Les seules que j'ai déniché (macway, owc..), ce sont des 9800 pro, mais j'ai peur que l'investissement n'en vaille pas vraiment la peine comparé à ma 9600 xt.. 

Avez vous des pistes de revendeur qui ont en dispo des cartes puissantes en AGP pour mac  ?  

Merci d'avance


----------



## macinside (31 Août 2008)

une 6800 sur ebay


----------



## vg93179 (31 Août 2008)

Merci ! j'avais pas cherché la 6800 sur ebay tiens ! Un peu chère, mais je pense que ca se trouve  pas beaucoup en dessous.. 
T'en penses quoi d'acheter une carte graphique sur ebay, pas trop risqué ?


----------



## fransoi5978 (14 Septembre 2008)

J'ai vendu une ATI Radeon X800Xt à 200&#8364; sur eBay aucun soucis. Je pense que tu peux en trouver à moins de 200&#8364;.
Sinon ici il y a un petit comparatif des carte AGP pour G5.


----------



## vg93179 (23 Septembre 2008)

Bon, j'ai fini par acheter une 6800 ultra flashee. 
Seul soucis, sur ce type de carte flashee, il faut un cable en y pour alimenter la carte. 
J'ai bien eu ce cable, fourni avec la carte, mais je n'ai pas trouvé où le brancher dans le G5... 
Le bout du cable est de ceux qu'on trouve dans les PC, avec 6 gros pic mâles dans un rectangle de plastic.
Je sais pas comment faire.... 
Une idée ?


----------



## fransoi5978 (24 Septembre 2008)

Il faut le brancher sur l'alim du lecteur de CD.


----------



## vg93179 (24 Septembre 2008)

fransoi5978 a dit:


> Il faut le brancher sur l'alim du lecteur de CD.

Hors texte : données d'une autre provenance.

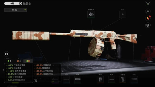 在部分室内对抗或抢点推进的排位对局里,近距离贴脸的战术思路相当常见,核心武器多为冲锋枪与霰弹枪。既然主打近战,不妨牺牲部分精准度与瞄准相关的属性,侧重提升移速和耐力表现。拿SG-12这款霰弹枪来说,它的配件组合能带来可观的体力回复加成与移动速度增益,机动性堪称一流,近距离压制力也十分出色,具体的属性面板与配件搭配可参考下图展示。

Merci, j'avais eu l'info entre temps... 

Malheureusement, la carte ne fonctionne pas... pour des raisons inexpliquées... 
J'ai fais un reset de la ram video, mais ca n'a rien donné...


----------



## fransoi5978 (25 Septembre 2008)

Sinon tu peux essayer de la reflasher. (si tu as un PC avec des ports AGP) Pour ma part j'ai une carte à flasher mais pas de PC !


----------



## vg93179 (26 Septembre 2008)

fransoi5978 a dit:


> Sinon tu peux essayer de la reflasher. (si tu as un PC avec des ports AGP) Pour ma part j'ai une carte à flasher mais pas de PC !


j'ai plus de PC ... malheureusement... ou pas


----------



## vg93179 (8 Novembre 2008)

Au final, j'ai acheté pour un peu plus cher sur ebay une 6800 ultra mac edition (150 euros). Ca fonctionne très bien, je suis ravi. 
Merci à vous.


----------